Improving reproducibility

Scientific claims gain credibility when the researcher provides enough details so that the findings can be reproduced by an independent researcher. When refining code for dissemination, data workers often rewrite their exploratory code. When doing so, data workers need to capture not just the source code that produced the reported approach, but also the approaches that were explored earlier which led to the final approach. Data workers are, after all, responsible for the decisions they make in their work!

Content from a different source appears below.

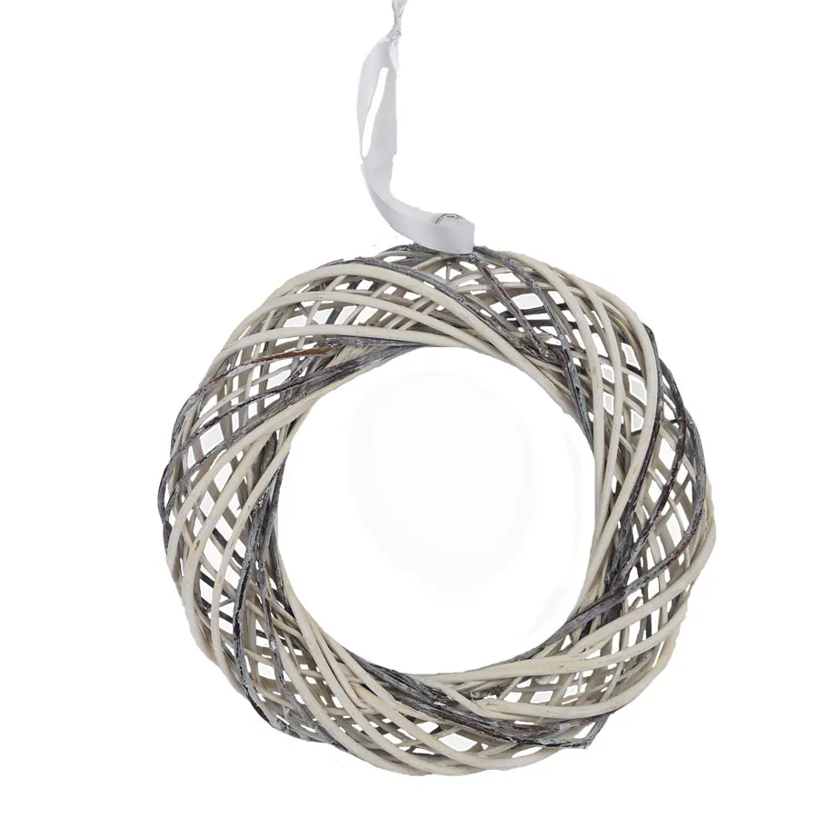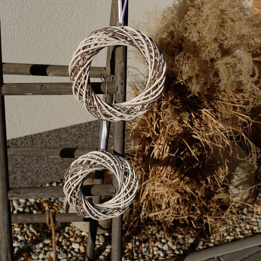 Decorative wreath. The wreath is suitable for further arranging and you can use it all year round. Dimensions: diameter 36 cm, thickness 4 cm. Color: white - gray combination. Material: wicker, wire.

Through our observations and interviews, we find that many participants (P02-04, P10, and P13) primarily record only the source code that produces the results they will use. E.g., P02, a HCI researcher used an R script to capture his analysis. The script contained the source code for loading dataset, subsetting the data, and the significance tests including post-hoc analysis. While it also contains comments capturing the rationale for test selection, e.g., "distributions not normal" and "parametric test is not valid", it did not capture the source code for it. This lowers the reproducibility of the analysis.

Participants are aware of the importance of reproducible research, but do not want to clutter their scripts as this might affect code navigation. Furthermore, as discussed earlier, hidden dependencies are prevalent in notebooks. Some participants reported encountering notebooks that do not execute because they had not copied all the dependencies when migrating code. Potential solutions include dependency managers, e.g., Drake, and tools that help find code snippets, e.g., Code Gathering Tools and Verdant.